◆ Records supplied:
+++++

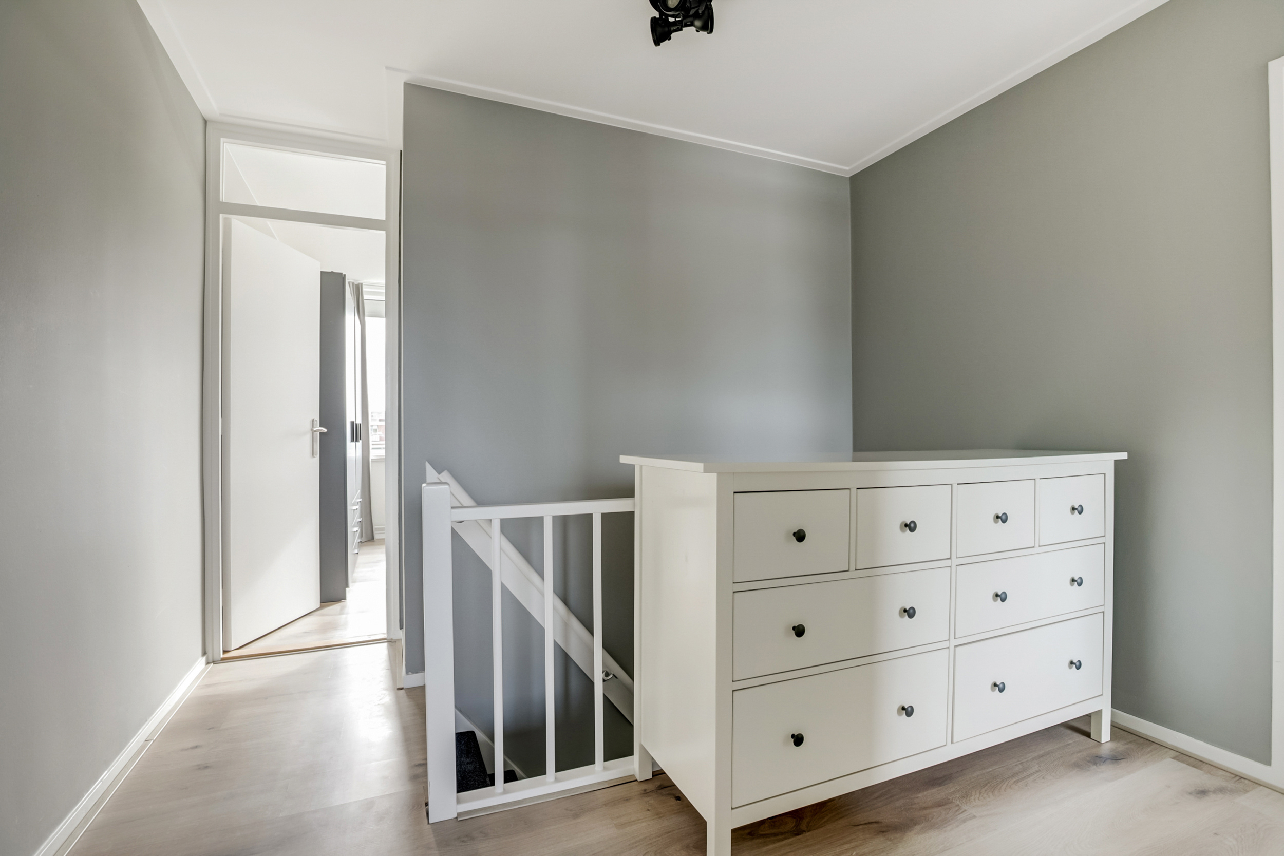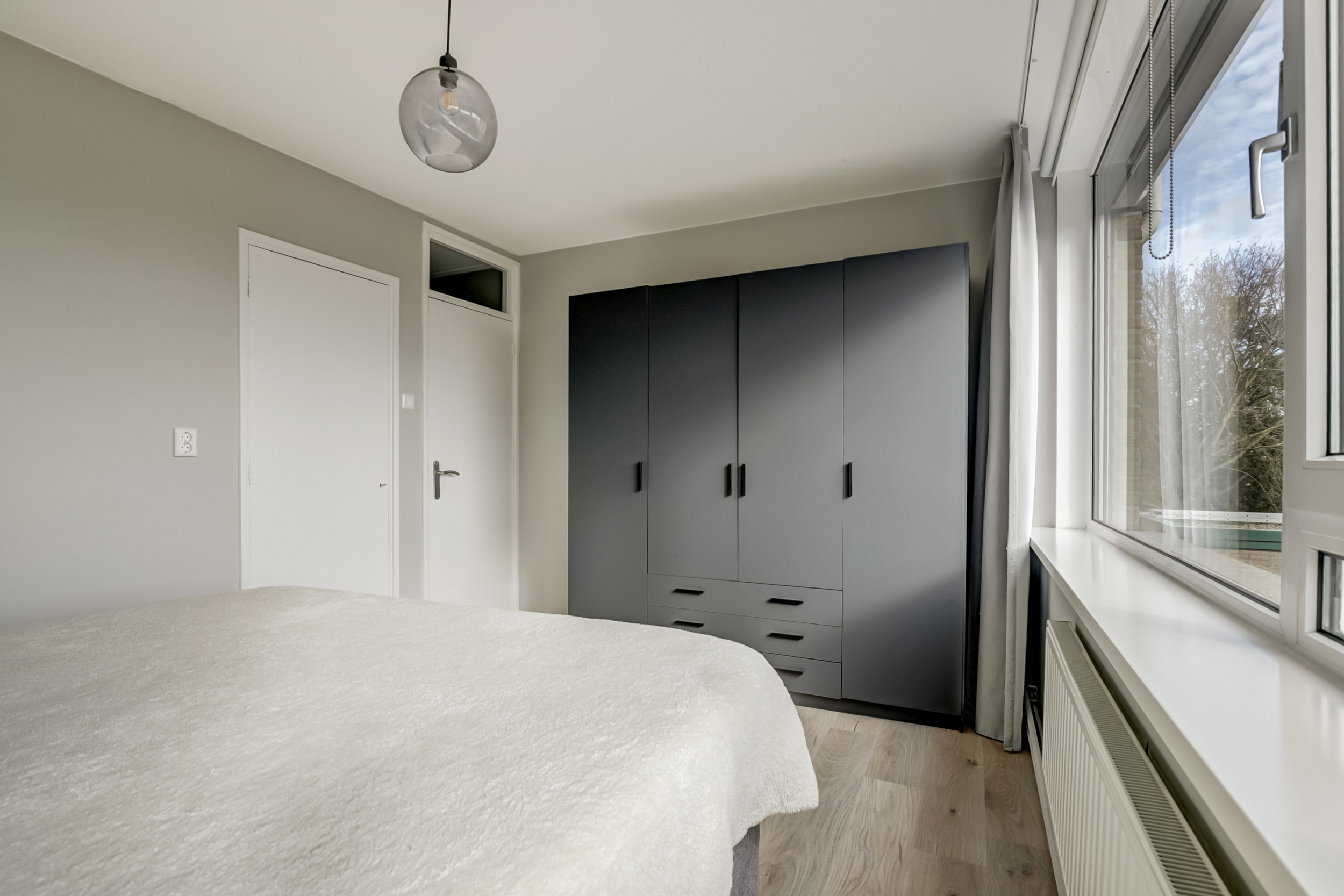 De hoofdslaapkamer aan de voorzijde is royaal bemeten, voorzien van rolluiken en geniet van veel licht dankzij de brede raampartij over de gehele gevelbreedte. De kamer is modern ingericht met een grijze wandkleur en een lichte vloer, wat zorgt voor een serene sfeer!
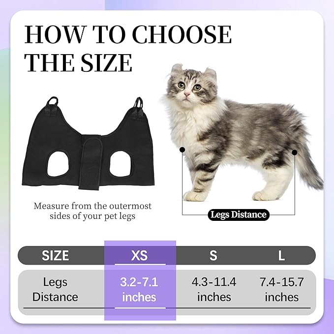 - 【Choose the Right Size】Our pet grooming hammock comes in three sizes: XS and S. 𝐁𝐞𝐟𝐨𝐫𝐞 𝐩𝐮𝐫𝐜𝐡𝐚𝐬𝐢𝐧𝐠, 𝐲𝐨𝐮 𝐡𝐚𝐯𝐞 𝐭𝐨 𝐦𝐞𝐚𝐬𝐮𝐫𝐞 𝐭𝐡𝐞 𝐝𝐢𝐬𝐭𝐚𝐧𝐜𝐞 𝐛𝐞𝐭𝐰𝐞𝐞𝐧 𝐲𝐨𝐮𝐫 𝐩𝐞𝐭'𝐬 𝐟𝐫𝐨𝐧𝐭 𝐚𝐧𝐝 𝐛𝐚𝐜𝐤 𝐥𝐞𝐠𝐬. 𝐓𝐡𝐞𝐧 𝐚𝐜𝐜𝐨𝐫𝐝𝐢𝐧𝐠 𝐭𝐨 𝐭𝐡𝐞 𝐬𝐢𝐳𝐞 𝐜𝐡𝐚𝐫𝐭, 𝐲𝐨𝐮 𝐜𝐚𝐧 𝐜𝐡𝐨𝐨𝐬𝐞 𝐭𝐡𝐞 𝐦𝐨𝐬𝐭 𝐬𝐮𝐢𝐭𝐚𝐛𝐥𝐞 𝐡𝐚𝐦𝐦𝐨𝐜𝐤 𝐟𝐨𝐫 𝐲𝐨𝐮𝐫 𝐩𝐞𝐭.
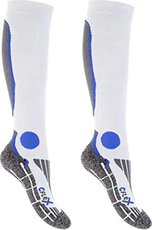 Herren & Damen Running Kompressions Strümpfe (2 Paar), Sport Kniestrümpfe - Weiss-Blau 39-42
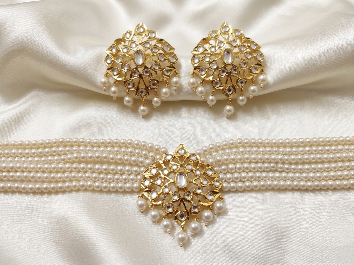 - Elegant gold plated polki choker set featuring a stylish pearl beaded choker with matching earrings.
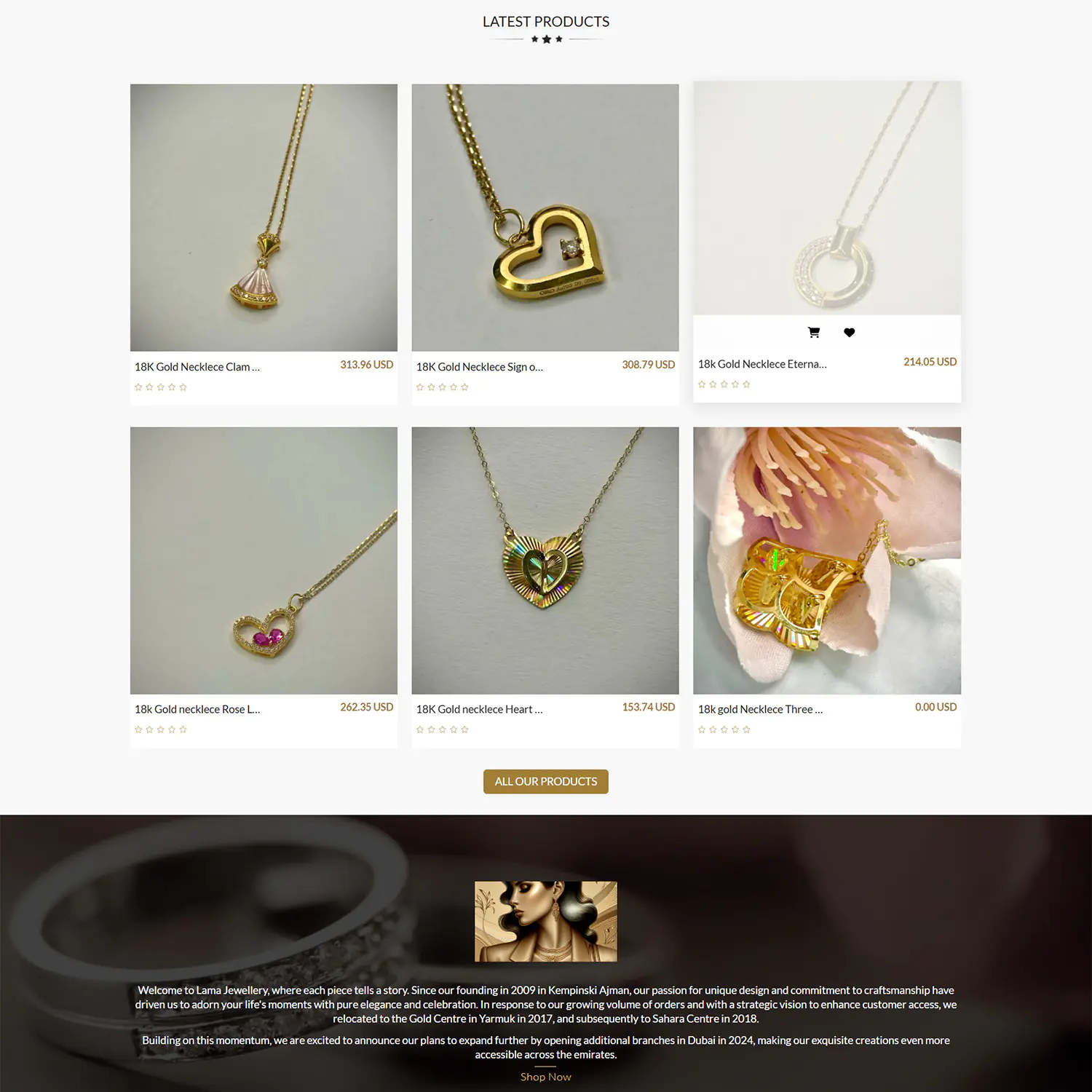 The Lama Jewelry platform delivers a technically advanced yet user-friendly jewelry e-commerce system. The client benefits from:

+++++

◆ Problem description: From the opening line of the entries, copy each line exactly until the line with "Herren & Damen", which is copied as well; leave out pictures.

◆ Output for this task:
 De hoofdslaapkamer aan de voorzijde is royaal bemeten, voorzien van rolluiken en geniet van veel licht dankzij de brede raampartij over de gehele gevelbreedte. De kamer is modern ingericht met een grijze wandkleur en een lichte vloer, wat zorgt voor een serene sfeer!
 - 【Choose the Right Size】Our pet grooming hammock comes in three sizes: XS and S. 𝐁𝐞𝐟𝐨𝐫𝐞 𝐩𝐮𝐫𝐜𝐡𝐚𝐬𝐢𝐧𝐠, 𝐲𝐨𝐮 𝐡𝐚𝐯𝐞 𝐭𝐨 𝐦𝐞𝐚𝐬𝐮𝐫𝐞 𝐭𝐡𝐞 𝐝𝐢𝐬𝐭𝐚𝐧𝐜𝐞 𝐛𝐞𝐭𝐰𝐞𝐞𝐧 𝐲𝐨𝐮𝐫 𝐩𝐞𝐭'𝐬 𝐟𝐫𝐨𝐧𝐭 𝐚𝐧𝐝 𝐛𝐚𝐜𝐤 𝐥𝐞𝐠𝐬. 𝐓𝐡𝐞𝐧 𝐚𝐜𝐜𝐨𝐫𝐝𝐢𝐧𝐠 𝐭𝐨 𝐭𝐡𝐞 𝐬𝐢𝐳𝐞 𝐜𝐡𝐚𝐫𝐭, 𝐲𝐨𝐮 𝐜𝐚𝐧 𝐜𝐡𝐨𝐨𝐬𝐞 𝐭𝐡𝐞 𝐦𝐨𝐬𝐭 𝐬𝐮𝐢𝐭𝐚𝐛𝐥𝐞 𝐡𝐚𝐦𝐦𝐨𝐜𝐤 𝐟𝐨𝐫 𝐲𝐨𝐮𝐫 𝐩𝐞𝐭.
 Herren & Damen Running Kompressions Strümpfe (2 Paar), Sport Kniestrümpfe - Weiss-Blau 39-42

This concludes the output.